On the Road, Again

If you’re interested in Stealth Software I have a couple of programs to tell you about. No, you won’t become invisible or undetectable.

You may be able to find your notebook if it’s lost or stolen though. These programs reside on your notebook and send a stealth message to the software company’s servers when your computer is connected to the internet. You will not notice the software in the Disk Directory, Task Manager or Control Panel. You won’t find them if you check the Windows Registry either. The software is compatible with Windows 98, Me, NT 4.0, 2000 and XP and can be used on your notebook and desktop. They also work with most versions of the Apple Operating System. If you’re interested, check out PC PhoneHome at www.pcphonehome.com and XTool Computer Tracker at www.stealthsignal.com.

I’ve been doing some research on fingerprint readers lately, you know, those USB devices that secure your computer. I’ve seen a few in the $50 range but I’m afraid I’ll misplace the device and I won’t be able to get onto my computer. Anyway, I like the idea that you don’t have to remember lots of passwords when you have your computer password protected.
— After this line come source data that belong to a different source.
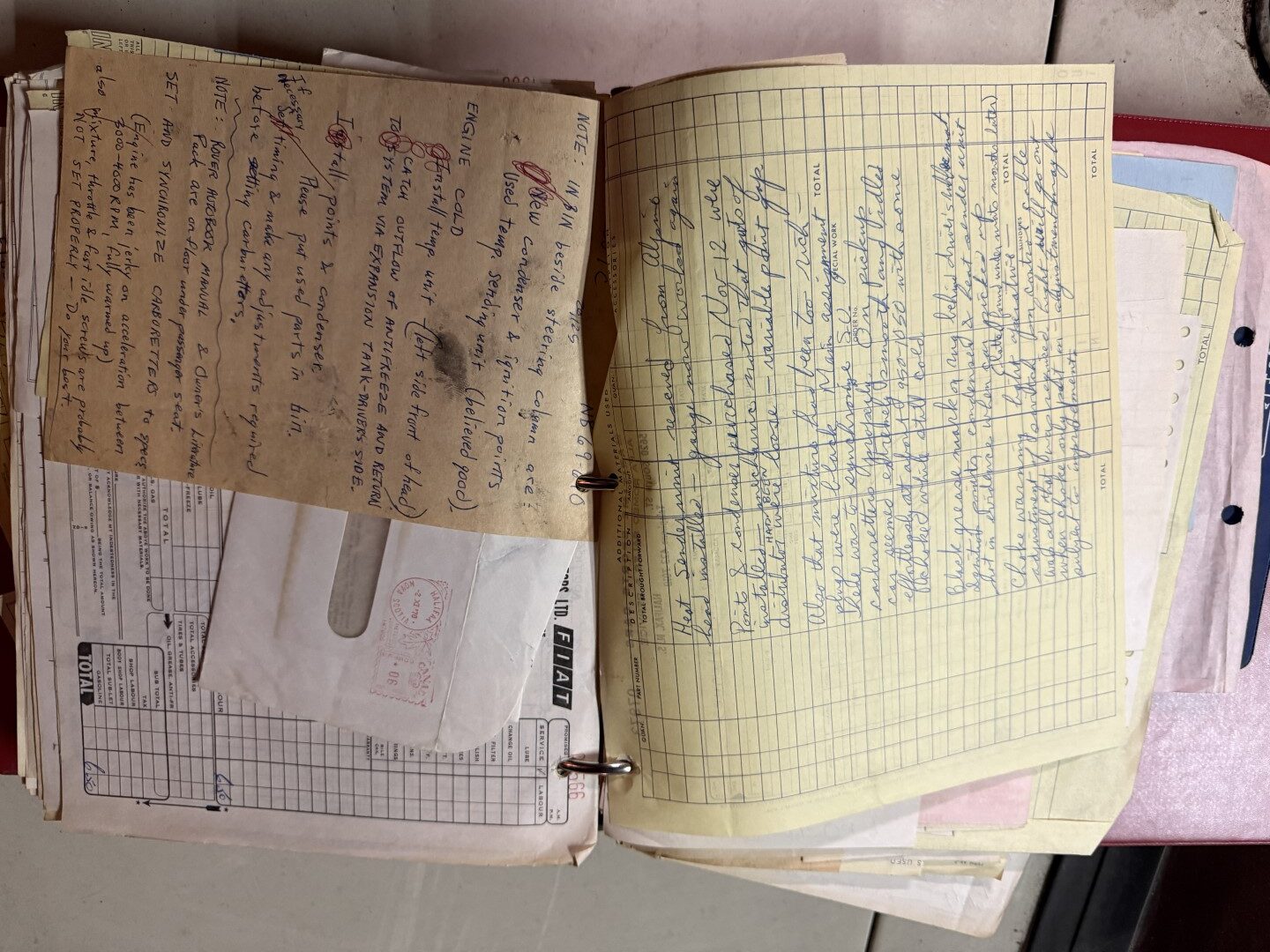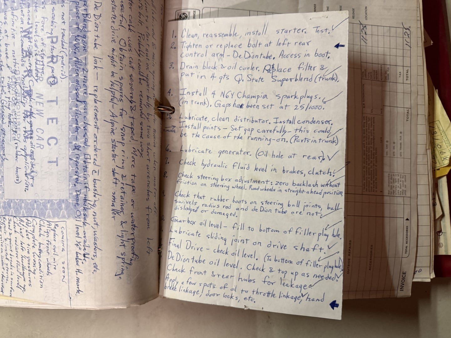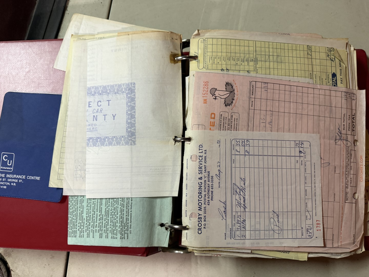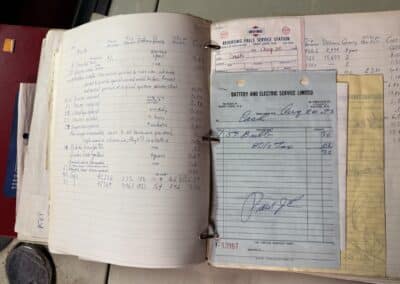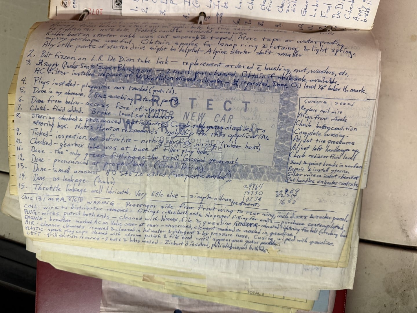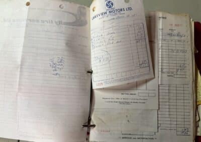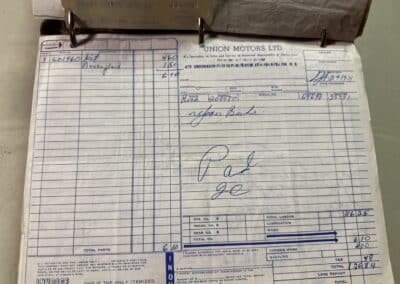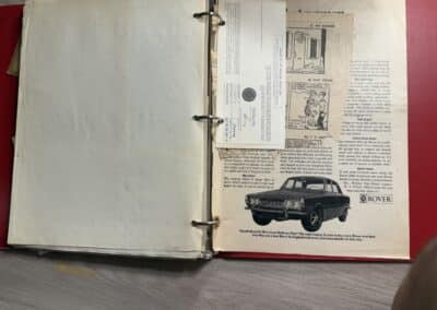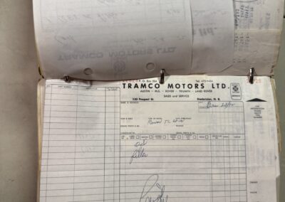 Power comes from a 2-litre single overhead cam inline-four equipped with twin SU carburetors and factory-rated at 124 HP at 5,500 RPM and 127 lb-ft of torque at 3,500 RPM. A four-speed manual gearbox with full synchromesh is complemented by rear wheel drive and a 3.54:1 final-drive ratio. The chassis employs De Dion rear suspension and was among the first production sedans to feature hydraulic servo-assisted disc brakes at all four corners. The five-digit odometer shows under 13,000 miles, though the total milage is unknown (TMU). The sale includes a binder of photographs and handwritten service records documenting decades of ownership by the seller. Additional notes cover routine servicing, fuel consumption, and seasonal driving, illustrating a long history of careful stewardship.
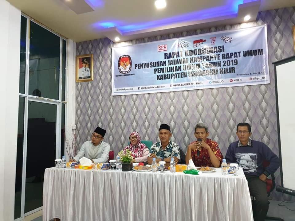 Ketua  Komisi Pemilihan Umum (KPU) Kabupaten Indragiri Hilir Hardian Azmi, SH. MH dalam sambutanya memgatakan," Berhubung rapat umum dan iklan kampanye akan dimulai tangal 24/3, KPU perlu menyusun jadwal Kampanye rapat umum tersebut dengan parpol dan Bawaslu dengan mengadakan rapat koordinasi.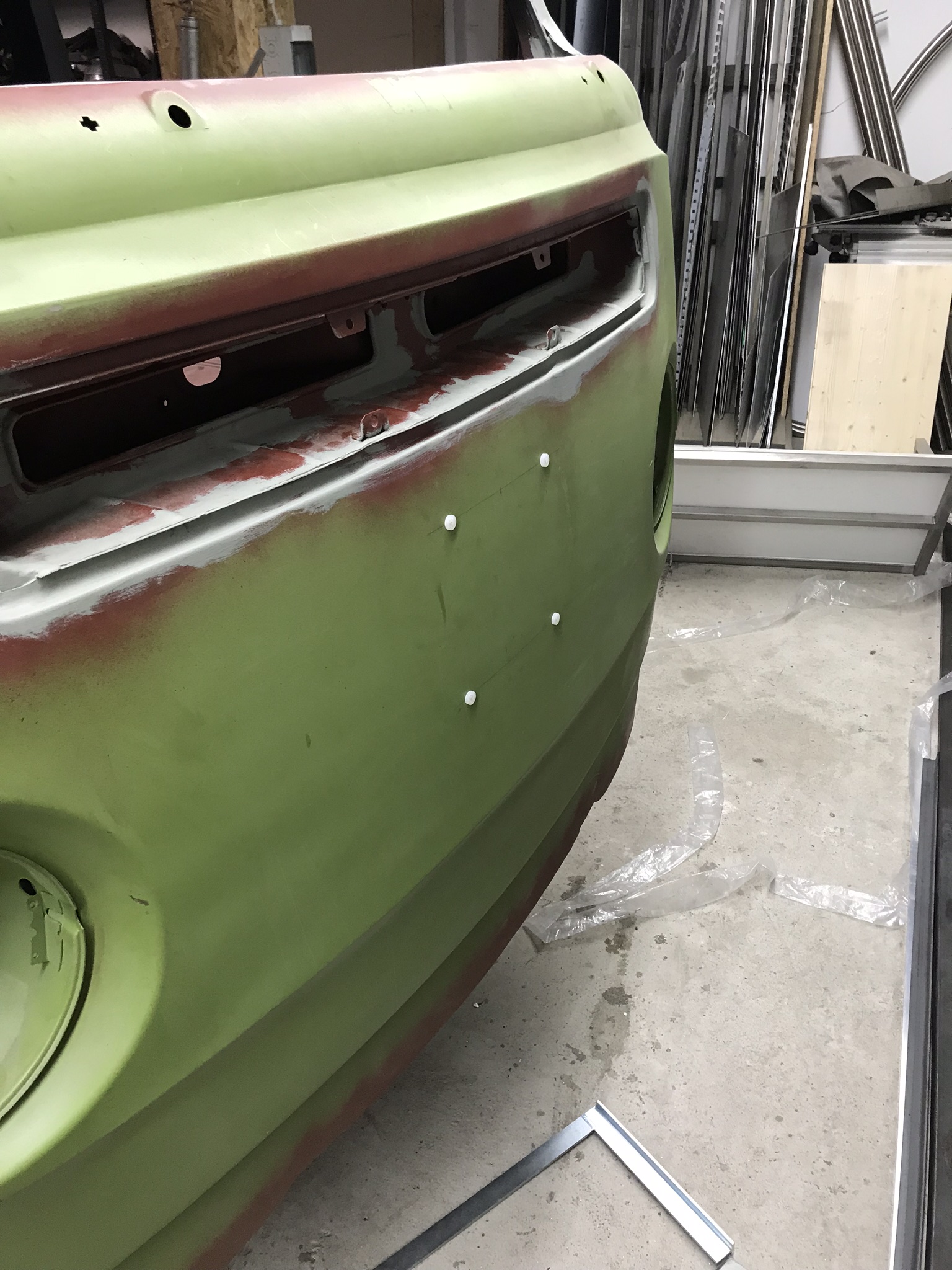 An der neuen Front habe ich noch die notwendigen Anpassungen vorgenommen, wie z.B. Löcher fürs VW Emblem und die Antenne gebohrt sowie probeweise die Windschutzscheibe eingebaut.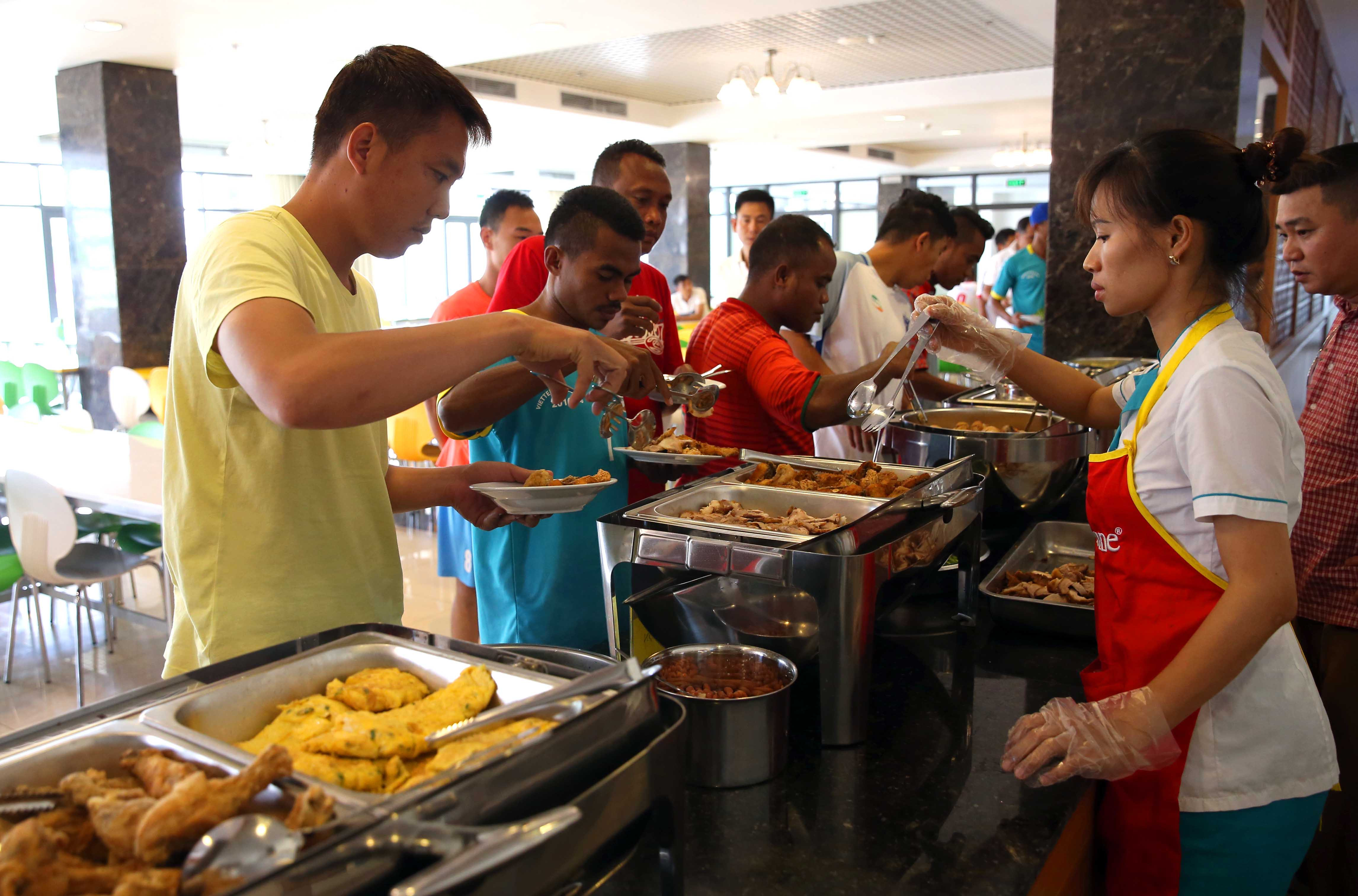 Nhờ sự chuẩn bị kỹ lưỡng ấy, bếp ăn của Viettel đã cung cấp những bữa ăn với hàng chục món đa dạng. Buffet có đủ các món Việt như: thịt kho, rau luộc, cá kho nhưng cũng có khoai tây, các loại thịt hầm, đồ cho người theo Đạo Hồi, Đạo Hindu... Các món ăn đa dạng, thay đổi từng ngày, đảm bảo cung cấp nguồn năng lượng dồi dào cho hoạt động thể thao.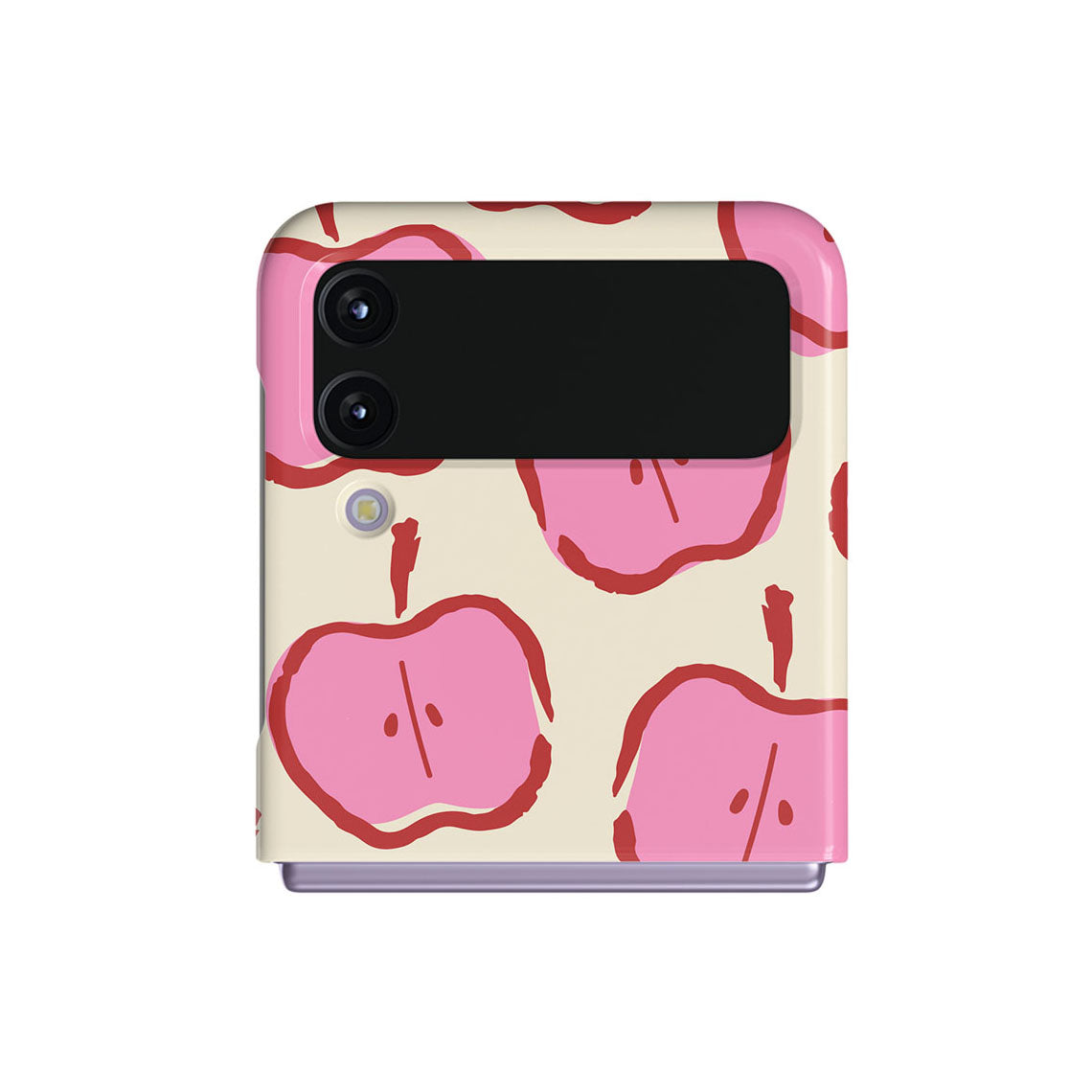 Our Bon Appétit Samsung Galaxy Z Flip 4 phone case design makes every day feel like a magical adventure filled with sweet surprises. The playful pink hues of the apples stand out brilliantly against the serene cream background, creating a captivating and enchanting visual.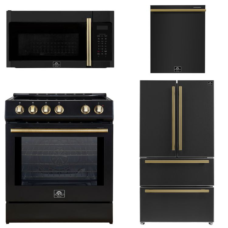 FORNO Espresso Package - 30" Induction Range, Over-The-Range Microwave, 36" Refrigerator with Ice Maker and Dishwasher in Black with Antique Brass Accents, AP4-0982BLK-A12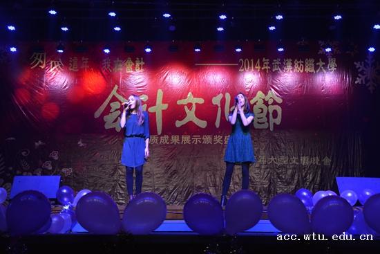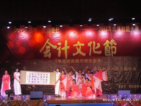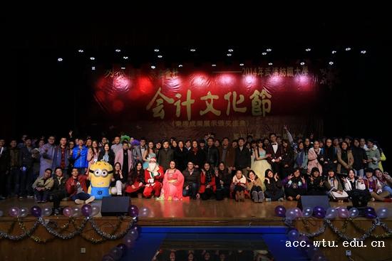 12月23日晚,2014年武汉纺织大学会计文化节闭幕式素质成果展示颁奖盛典暨迎新年大型文艺晚会在大学生活动中心演播厅隆重召开。校党委宣传部高建勋部长、后勤集团谢晓萍总经理、国际处林莉处长、学工部肖迪明副部长、保卫处武猛副处长,以及江夏区团委办公室胡爱华主任、江夏区团委学少部李志部长,yl23455永利官网全体领导班子以及来自各二级学院的分党委副书记们出席并观看了晚会。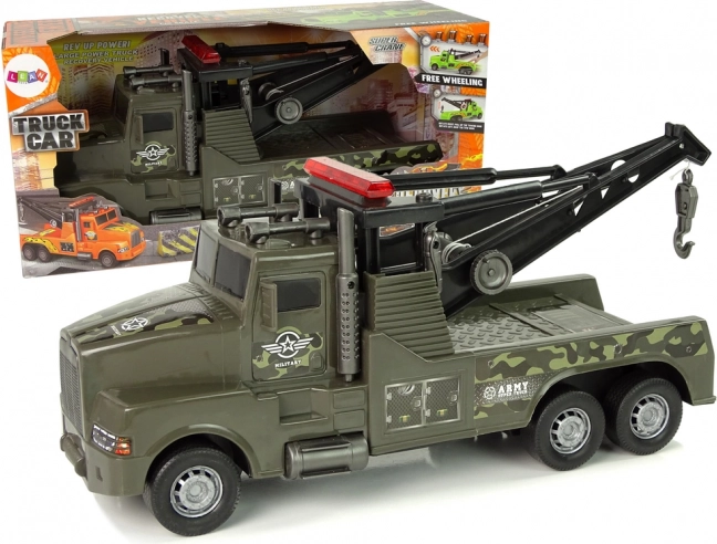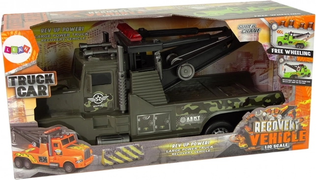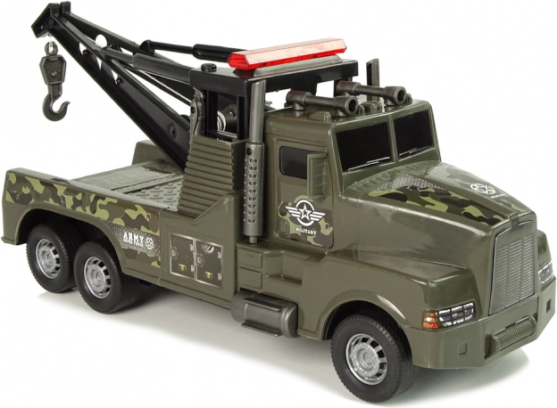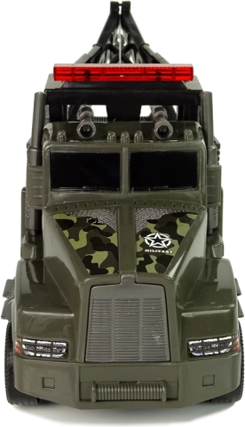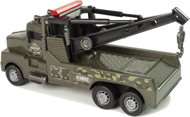 Denne plastiske autotransport med camouflageprint og militære klistermærker begejstrer alle børn, der elsker action- og redningsmissioner. Bagpå sidder en kran med spil, der kan trækkes ud ved hjælp af et sidehåndtag, med en stærk krog i enden for nem fastgørelse af andet legetøj.

I guess I’ll do some more research and see how these devices shake out. If you have any experience with fingerprint readers email me and let me know what you’ve learned.

At the latest Intel Developers Forum, Intel predicted major gains in mobile technology, including substantial increases in battery life. New chips, batteries and displays should add up to about eight hours of performance in light portables by the end of the decade. Intel’s next notebook platform, code-named Sonoma, will have the latest Pentium M processor, the Alviso support chip (due out early next year) and Intel’s 802.11a/b/g adapter. Some info on their first dual-core mobile processor code-named Yonah were also revealed. This dual-core processor will be a major component of the new Centrino platform, code-named Napa. Sort of makes you feel like your reading a national security document doesn’t it? Also included in Napa will be a support chip with integrated graphics, the IGH7-M I/O controller with up to six PCI Express ports and enhanced power management and mini card wireless device named Golan. Intel says that “Napa will have most of the experience of a desktop.”

Verbatim (www.verbatim.com) has the Store’nGo USB HD Drive with 2.1 Gigabytes of storage. The Store’nGo weighs 1.8 ounces and is priced at $249.

Take a look at Toshiba’s (www.toshiba.com) Satellite P35 notebook models. Toshiba calls them “the gamer’s pc.” They have three models to choose from: the S611; the S6111; and the S629. There are some differences in these models besides the prices. Toshiba’s on-line prices are $1,749 for the S611, $1,829 for the S6111 and $1,999 for the S629. I’ve just acquired a S611 so I’ll concentrate of this particular model. The S611 has a Mobile Intel Pentium 4 processor 548 supporting HT technology (3.33 Gigahertz), 1 Megabyte of L2 cache, 533 Megabyte FSB, 512 Megabytes of PC 2700 DDR333 SDRAM (256MBx2), a 17 inch Wide-screen XGA with TruBrite Technology (1440 X 900) (it’s awesome), ATI Mobility Radeon 9000 IGP with 64 Megabytes of shared memory (user adjustable to 128 Megabytes), a 100 Gigabyte hard drive (operating at 4200rpm), a DVD SuperMulti drive (you know, DVD±RW/R & CD-RW/R, etc.), an Atheros 802.11bg wireless LAN port supporting Atheros SuperG Technology, three USB ports, an iLink IEEE 1394 port, a 5-in-1 Media Bridge port, a TV-Out (S-Video) port, a 10/100 Ethernet connection and a V.92 (56K) modem. Also included are Windows XP Home, Microsoft Works, Microsoft Office OneNote, ArcSoft ShowBiz DVD Version 1.3 and Sonic Solutions. The S6111 has Windows XP Professional while the S629 has the Home Edition and a Radon 9700 discrete graphics chip. So far, I find the S611 to be an awesome machine. These notebooks do not come with a floppy drive so you’ll have to get an external USB floppy drive if you happen to have lots of stuff on floppies (like I do). They’re reasonably priced (unless you want a recognizable brand name).

If you have all kinds of media cards for your cameras, PDAs, etc. you may be interested in the USB devices I’ve found that allow you to insert your media card in the device and plug it into the USB port on your notebook. No cables, power or drivers are required. Windows recognizes these devices as a low speed USB device (1.0). Windows then assigns a drive letter to the device and you’re ready to go. The various sizes of devices are all priced at $9.99.